An economy of nanopayments is an economy of remembering, for which we will need more sophisticated archives of value than the senile currencies of today. "Cash unfortunately forgets too much for an information economy." This urge to remember the true ownership of the fruits of production is implied by Marx's theory of reification, the process through which consumerism's obsession with relationships between commodities obscures the relationships between the people who have laboured to produce them. Lanier's concept of provenance the recording of where value originates is fundamental to an ethical information economy, and also though Marx is clearly not one of his pals represents an antidote to reification.
A typical dream of revolution is to promise a new age of social transparency. After the storming of the Bastille, French revolutionaries banned masks and costumes, decrying the carnivalesque custom of the masquerade as both symbolic of aristocratic tyranny and a security threat. Facebook founder Mark Zuckerberg famously claimed that "By giving people the power to share, we're making the world more transparent." Lanier is interested in a type of partial unmasking whereby digital economies operate according to the principle that "Information is people in disguise." This ethos emphasises that information is not a neutral, boundless resource to be exploited, but rather is morally inextricable from the humans who supply it.
Lanier wouldn't insist on fitting out Isabel Archer's happy carriage with GPS and pushing a networked device into her clenched palm. He believes that economic transparency is not incompatible with personal privacy. He is not an advocate for social media in its present form, and is no fan of conspicuous consumption. He also understands the need "to preserve the selective blindness accomplished by cash", and believes that, in an information economy, privacy is always securable simply by making the cost of your personal data prohibitive.

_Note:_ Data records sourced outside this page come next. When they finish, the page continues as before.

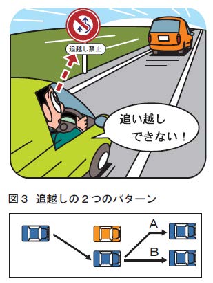 追越しとは、進路を変えて、進行中の前の車の前方に出ることをいい、図3のAとBの2つのパターンがあります。片側1車線の道路で、対向車線にはみ出して追越しをする場合はAになり、片側2車線以上の道路では、AかBのいずれかになります。
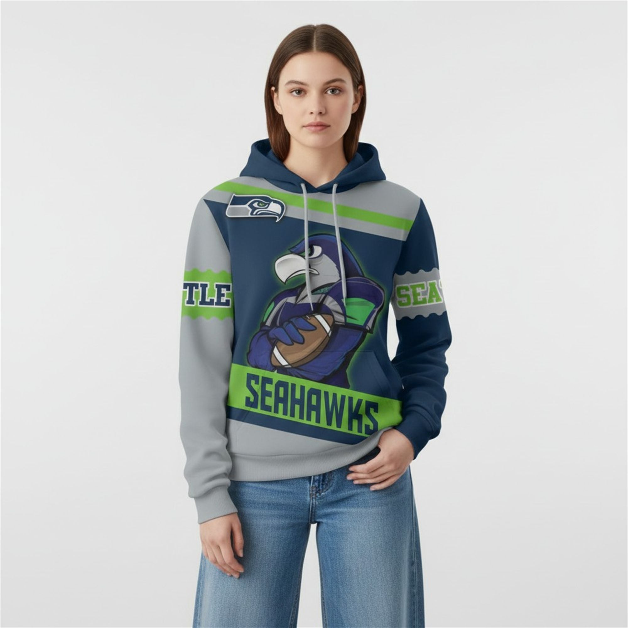 This product is specifically curated for the fan who lives and breathes Seahawks football. It transcends standard merchandise by tapping into the core identity of the franchise: the noise, the energy, and the intimidation factor of playing in Seattle. The front of the hoodie continues the theme with a sleek Seahawks logo on the chest and “SEAHAWKS” text along the bottom hem, ensuring your allegiance is visible from every angle. It provides a comfortable fit perfect for layering during those crisp Pacific Northwest game days or casual wear throughout the week.
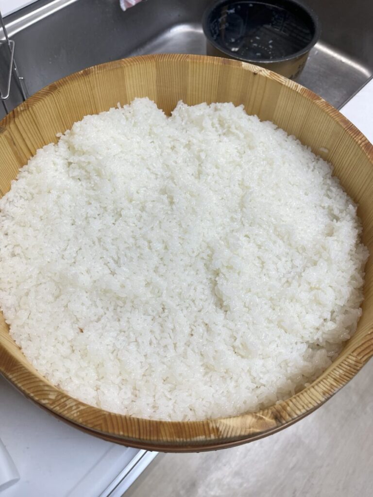 最後の日。「パパ、最後は手巻き寿司が食べたい!」と言うので、夕刻からせっせとつくりました。赤酢が無くなってしまった今回は純白の酢飯で用意しました。
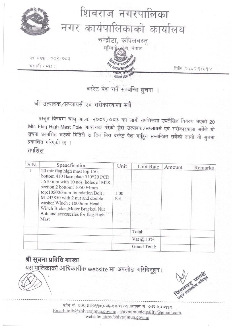 अाय ठेक्काकाे शिलवन्दी दरभाउ पत्र अाव्हानकाे सूचना !!!

So should we be excited or frightened by Lanier's vision? An economy of individuals who manufacture commercial products merely by existing has nightmarish implications, and, given his belief that commercialism should be celebrated for having driven the progress of modernity, Lanier isn't the best person to dispel them. "Advertising counterbalances the tendency of people to adhere to familiar habits," he claims. This hagiography of the billboard is a far cry from Orwell's dismissal of advertising as a stick rattling inside a swill-bucket in Lanier's future the bucket will be hung around our necks.

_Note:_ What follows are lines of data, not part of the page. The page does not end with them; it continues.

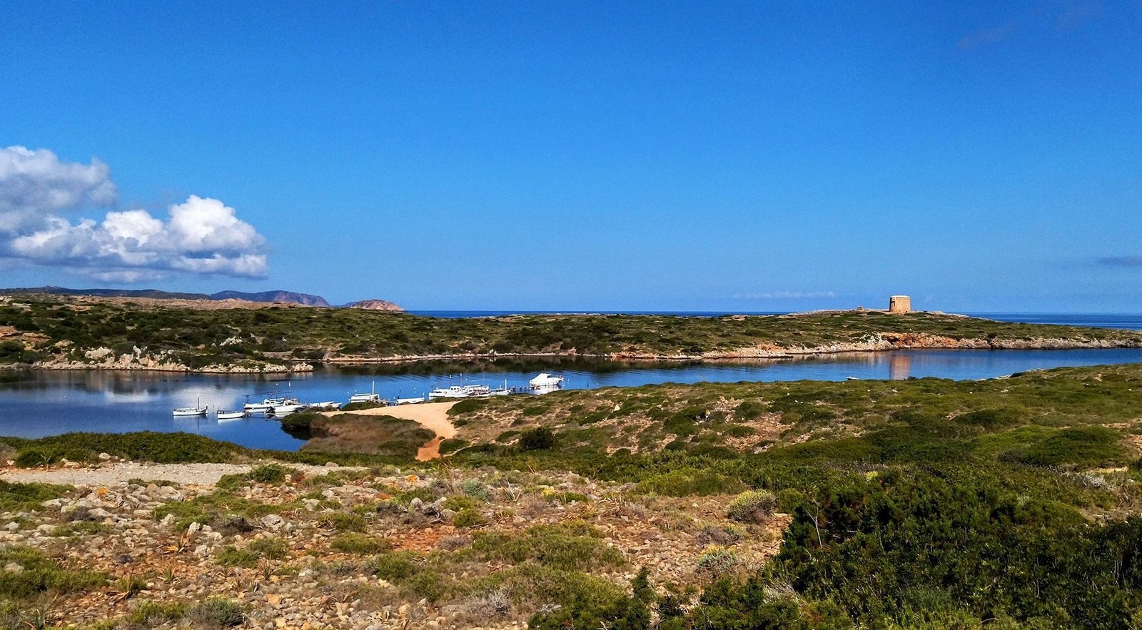 Al final del camino, justo antes de llegar al faro de Cavalleria, encontrarás una pista de tierra que conduce hacia el puerto de Sa Nitja.
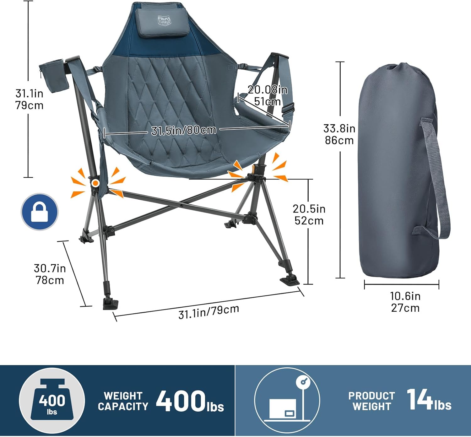 Crafted from durable materials, this portable folding rocking camping chair is built to withstand the rigors of outdoor use. The sturdy frame can support up to 400lbs, making it suitable for users of all sizes. Plus, the compact folding design allows for easy transport and storage, so you can take your hammock chair wherever your adventures lead.
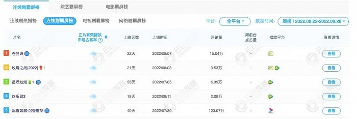 除了《星汉灿烂》《苍兰诀》在各自独播平台不断突破的热度值以外,根据云合数据显示,《星汉灿烂》和《梦华录》分别拿下7月连续剧霸屏榜的第一、三位,而8月22日—8月28日的连续剧霸屏榜周榜的一、三位则分别为《苍兰诀》和《星汉灿烂》。
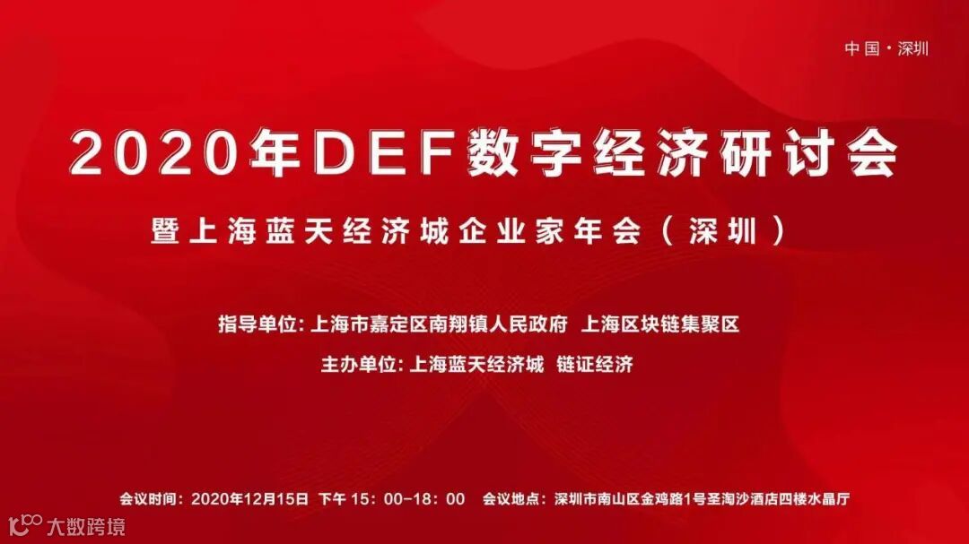 12月15日,“DEF数字经济研讨会暨上海蓝天经济城企业家年会·深圳”在深圳市南山区圣淘沙酒店隆重召开。本次活动由上海市嘉定区南翔镇人民政府、上海市区块链集聚区指导,由上海蓝天经济城、链证经济主办。来自深圳特区数字经济领域的各界代表参加本次研讨会,针对数字经济时代下的区块链产业发展机遇与挑战、数据资产的价值挖掘与创造、区块链产业应用与数据革命等话题展开讨论,共话数字经济各领域全产业链的整合和生态打造。
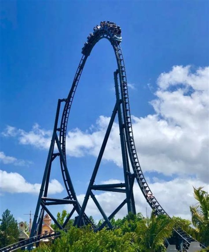 It involves not one but two 70 mph launches in three minutes, and includes some of the most ambitious and terrifying moves I’ve ever seen. There’s a “top hat” that rockets you 155 feet in the air and then immediately drops you into an 80-degree plummet, and that’s only halfway through the ride.
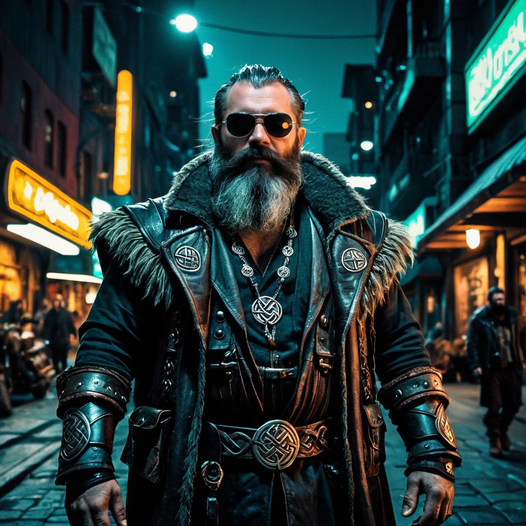 Bearded Dwarf Druid in Cyberpunk Night
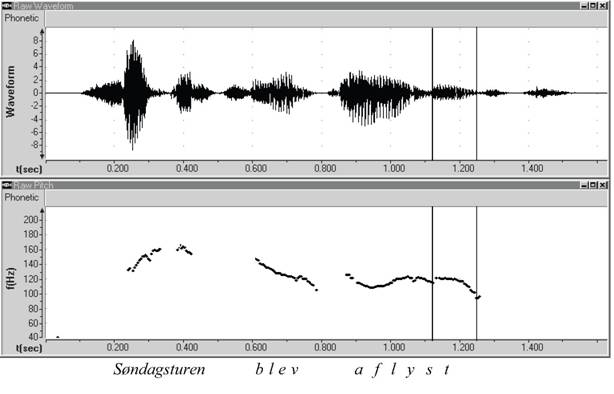 В примере же (5) на конечном ударном слоге ремы в словоформе aflysts, мы наблюдаем только падение. Этот пример также полностью согласуется с положениями датской интонологии о структуре тактовой группы. Гласный конечного ударного слога взят в курсоры (речь информанта Г.). Попутно заметим, что начальная словоформа предложения sandagsturen 'воскресная прогулка’ исполняется информантом как тема: мы видим подъем на ударном

What's more, his writing is infused with the caffeinated enthusiasm of Silicon Valley, and his technologist's bias shields him from angst over the social and psychological ramifications of saturating human experience with such chronic opportunities for data analysis as the real-time tracking of our royalties. After all, he has researched the possibility of "pixels grafted into your eyelashes so you could always look up at them". If you have trouble keeping your friends' attention in the era of the smartphone, imagine this culture of endless eye-rolling.
And yet one of the triumphs of Lanier's intelligent and subtle book is its inspiring portrait of the kind of people that a democratic information economy would produce. His vision implies that if we are allowed to lead absorbing, properly remunerated lives, we will likewise outgrow our addiction to consumerism and technology. Lanier's New World is founded on hard, fulfilling work. He concedes that such a radical reorganisation of worth will demand from us new levels of maturity, discipline and collective responsibility but then who said dignity should be downloadable for free?